Гарри удовлетворился тем, что кивнул ковру, который становился все светлее по мере того, как бледнело снаружи небо. Он был уверен, что все портреты в комнате слушали Дамблдора и ловили каждое слово, желая узнать, где были Дамблдор и Гарри и откуда взялись чьи-то ранения.
— Я знаю, что ты сейчас чувствуешь, Гарри, — сказал Дамблдор очень спокойно.
— Нет, не знаете! — ответил Гарри, и его голос прозвучал неожиданно громко и твердо — раскаленный добела гнев бушевал внутри него: Дамблдор понятия не имел о его чувствах.
— Видите, Дамблдор? — хитро произнес Финеас Найджелус. — Никогда не пытайтесь понять учеников. Они это ненавидят. Им гораздо больше нравиться быть трагически непонятыми, упиваться жалостью к себе, вариться в собственной…
— Достаточно, Финеас, — сказал Дамблдор.
Гарри решительно повернулся спиной к Дамблдору и посмотрел в окно. Вдалеке виднелся квиддичный стадион. Сириус появился там однажды в образе лохматого черного пса: так он мог наблюдать за тем, как Гарри играл; наверное, он пришел посмотреть, был ли Гарри столь же хорош, как Джеймс… Гарри так никогда и не спросил его…
— Нет никакого стыда в том, что ты чувствуешь, Гарри, — произнес голос Дамблдора. — Напротив, способность испытывать такую боль — твоя самая большая сила.
Гарри почувствовал, что раскаленный добела гнев, кипевший в ужасной пустоте, лизнул его нутро, заполняя его желанием оскорбить Дамблдора за его спокойствие и пустые слова.
— Значит, моя самая большая сила? — сказал Гарри срывающимся голосом, глядя на квиддичный стадион, но больше не видя его. — Вы понятия не имеете… вы не знаете…
— Чего я не знаю? — спросил Дамблдор спокойно.
Это было уже слишком. Гарри повернулся, дрожа от гнева.

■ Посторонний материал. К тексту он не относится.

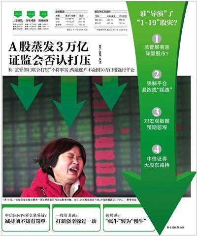 “今晚天台见!”1月19日收盘后股民们在网上呐喊。融资资金的疯狂拼抢,最终导演了“1·19”股灾悲剧。1月19日,沪指大跌7.7%创7年来最大单日跌幅,A股市值一日蒸发3万亿元。对于市场认为金融监管部门有意联合打压股市,昨日晚间,证监会回应:“这与事实不符”。“对12家存在违规行为券商采取行政监管措施,旨在保护投资者合法权益,促进融资业务规范发展,市场不宜做过度解读”。证监会新闻发言人邓舸称。【详细】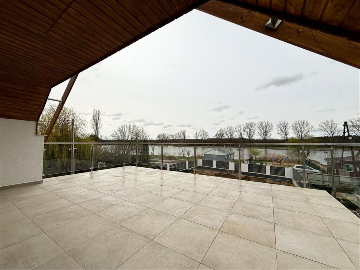 Az emelet igazi koronája a tágas terasz, amelyről lélegzetelállító panoráma nyílik a közeli tóra és a környező zöld területekre. Az üveg-rozsdamentes acél korlát szabad kilátást biztosít, a természetes fa mennyezet meleg hangulatot teremt, a nagy formátumú járólap pedig az igényes kivitelezés természetes folytatása. Ez a terasz nem csupán kiegészítő - ez a ház egyik legértékesebb tere, ahol reggeli kávétól az esti napnyugtáig élmény kint lenni. a padlástér osb burkolattal ellátott, tárolásra alkalmas.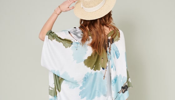 This kimono is perfect to take over a tight dress, a skirt, or a pair of jeans. A great option for a night in the town! Team with white jeans for a fresh, zesty look. Would go well dressed up with booties and wedges, or down with a sleek pair of sneakers. The coverup also works great over a bikini for a beach-to-bar combo.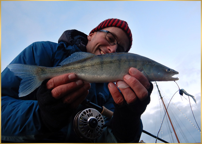 During the past 25 years I caught a lot of Zander on fly rod. But I never fished much for them in the winter when they usually stay in the deep holes. Last week I tried a lot of different fly line set ups to get my fly perfectly in front of their nose in a small harbour in my home town. The harbour offers me 4 to 5 meter (13 to 16 feet) of water depth.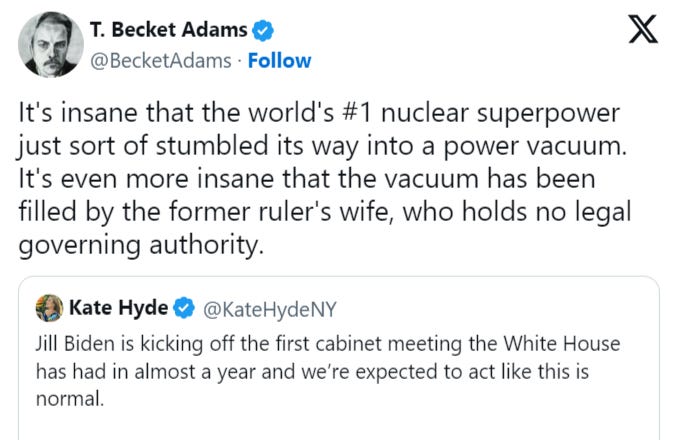 Here’s Israeli media showing its true face in declaring that Lebanese civilians are indistinguishable from Hezbollah ‘terrorists’, a precursor to the whitewashing of the planned genocide: But what’s been understated is the true reason for why Israel is suddenly so desperate to expand the war to Lebanon. There are several reasons, of course, with varying importance; and while each play a part, let’s look at the most significant. 1. Firstly, Israel’s economy is in danger of crumbling partly owing to the fact that the productivity of the entire north has been disrupted by ongoing repercussions of the Hezbollah fight. Tens if not hundreds of thousands of settlers have fled, farms have been abandoned, etc. This much Netanyahu has openly stated even yesterday in a new speech—that the north must be ‘secured’ in order to bring people back, otherwise it can turn into an abandoned wasteland as Israeli’s don’t quite have the same taste for living amidst open hostilities as the nearby Arabs whom they’ve subjected to such conditions for years. This was exacerbated today when Hezbollah unleashed a large attack which pierced the Iron Dome and slammed into several neighborhoods. The damage seemed unclear but houses, cars, etc., appeared on fire from published videos. We’ll call this reason the most overt and ostensibly ‘official’ one, for the sake of political optics. But there are deeper ones. 2. Another major reason that few have gleaned or spoken of is a broader strategic one. Israel has not only likely deduced its time is running out due to the wane of the US Empire which is its chief supporter and provider, but more specifically, Israel may be taking advantage of a short window of unprecedented American weakness and total lack of leadership. As most know, there is pretty literally no one in the ‘driver’s seat’ of the executive branch at the moment. The entire US government is being run managerially by deep state operatives, members of the cabinet, etc. After Joe Biden was openly couped months ago, he has effectively been placed in a kind of holding cell, where he appears to have been instructed to keep quiet, keep out of the spotlight, and basically run out the clock under threat of consequences. The country is now being entirely run by a slew of minions like Jake Sullivan, Antony Blinken, etc. If you need any proof of this, just observe two exemplar videos from the past day alone, which are outright shocking. The first is an absolutely wasted, mentally unfit, droopily sad looking Biden croaking out some feeble introduction to his wife, who is now unprecedentedly heading the Cabinet meeting in his stead. It is the firstCabinet meeting since October of 2023—the first in an entire year, and it’s not being run by Joe but Jill sitting at the head of the president’s seat: Then there was this incident when visiting PM Modi was humiliated by a Biden that seemed to have glitched out in introducing him: NY Post: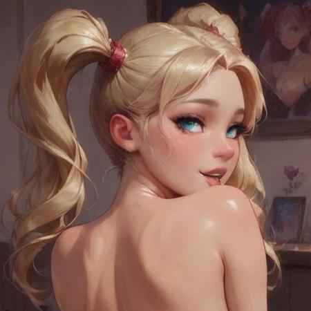 RTX on, 1 girl, 20 years old girl, sexy, cute, fully nude, medium retrousse breasts, petite body, blonde hair, two ponytails, red scrunchies, bright blue eyes, big eyes, detailed eyes, kinky look, on the bed, full body, on her knees, thin waste, thin body, view from behind, looking back, background bed, window, intricate details, <lora:PAseer-SD15-LCM Quick:0.8>, <lora:add_detail:0.3>, <lora:detail_slider_v4:0.5>, <lora:Citadel Spices:0.3>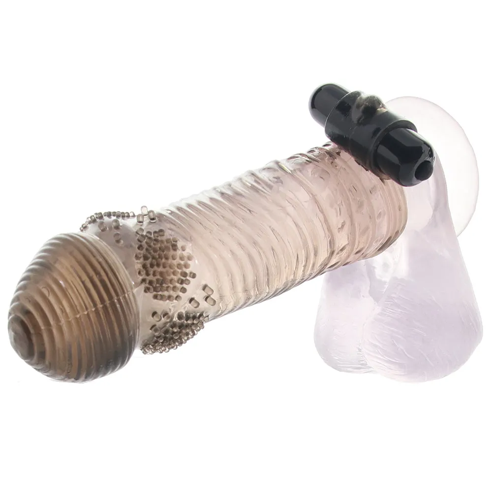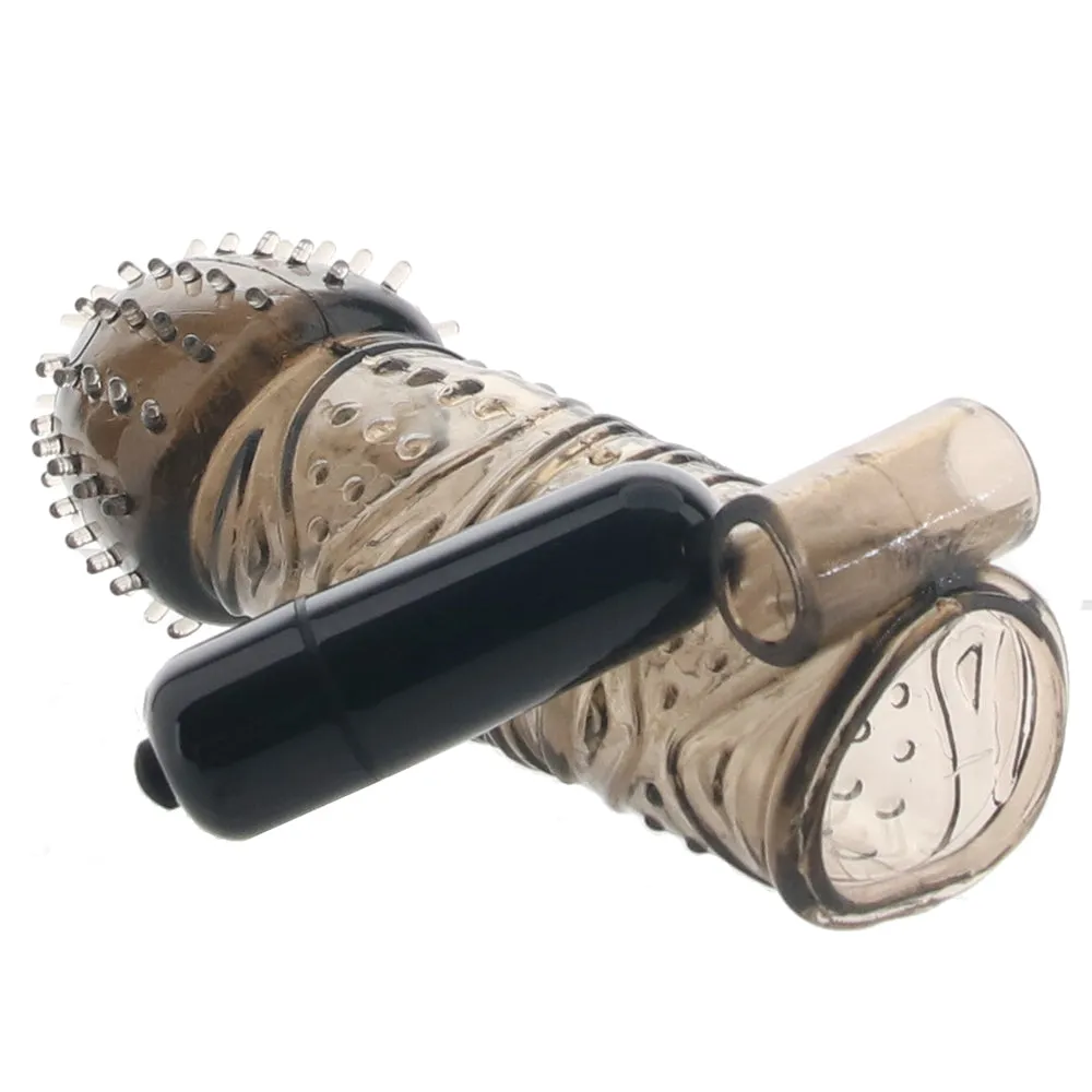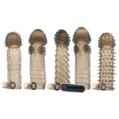 Any of the five sleeves will slip easily into place - with the help of a favorite lube - over a penis, strap-on or toy. If you (or they) are in the mood for vibration, pop the included bullet into a holster at the base of four of the sleeves. The fifth doesn't fit a vibe, but works wonders solo.

— Я не хочу говорить о том, что чувствую, ясно?
— Гарри, то, что ты так страдаешь, доказывает, ты — человек! Эта боль — часть человеческого бытия.
— ТОГДА — Я — НЕ — ХОЧУ — БЫТЬ — ЧЕЛОВЕКОМ! — заорал Гарри, и, схватив хрупкий серебряный прибор с тонконогого стола рядом с собой, швырнул его через всю комнату. Прибор рассыпался о стену на сотню крошечных осколков, с нескольких картин послышались гневные и испуганные крики, а портрет Армандо Диппета сказал: "Даже так?!"
— МНЕ ПЛЕВАТЬ! — закричал на них Гарри, схватил луноскоп и бросил его в камин. — С МЕНЯ ХВАТИТ, Я ВИДЕЛ ДОСТАТОЧНО, Я ХОЧУ ВЫЙТИ, Я ХОЧУ, ЧТОБЫ ЭТО ЗАКОНЧИЛОСЬ, МНЕ ТЕПЕРЬ ВСЕ РАВНО!
Он схватил стол, на котором стоял серебряный прибор и отшвырнул его тоже. Тот разбился об пол, и его ножки разлетелись в разные стороны.
— Тебе не все равно, — произнес Дамблдор. Он не вздрогнул и не сделал ни малейшей попытки остановить Гарри, уничтожающего его кабинет. Выражение его лица было спокойным, почти безмятежным. — Тебе не все равно до такой степени, что тебе кажется будто ты смертельно истекаешь кровью от этой боли.
— МНЕ — ВСЕ РАВНО! — Гарри закричал так громко, что почувствовал: его горло может разорваться. На секунду ему захотелось подскочить к Дамблдору и изломать его тоже, разбить это спокойное старое лицо, потрясти его, уязвить, заставить его почувствовать хотя бы крошечную долю того кошмара, который был внутри него.
— О нет, тебе не все равно, — произнес Дамблдор еще более спокойно. — Теперь ты потерял свою мать, своего отца и самого близкого, родного человека после родителей. Конечно же тебе не все равно.
— ВЫ НЕ ЗНАЕТЕ, ЧТО Я ЧУВСТВУЮ! — взревел Гарри. — ВЫ — СТОЯ ТАМ — ВЫ…
Но слов больше не хватало, от битья вещей больше не было облегчения, ему хотелось бежать, бежать не оглядываясь, и оказаться где-нибудь, где он не будет видеть эти глядящие на него ясные синие глаза, это ненавистное спокойное старое лицо.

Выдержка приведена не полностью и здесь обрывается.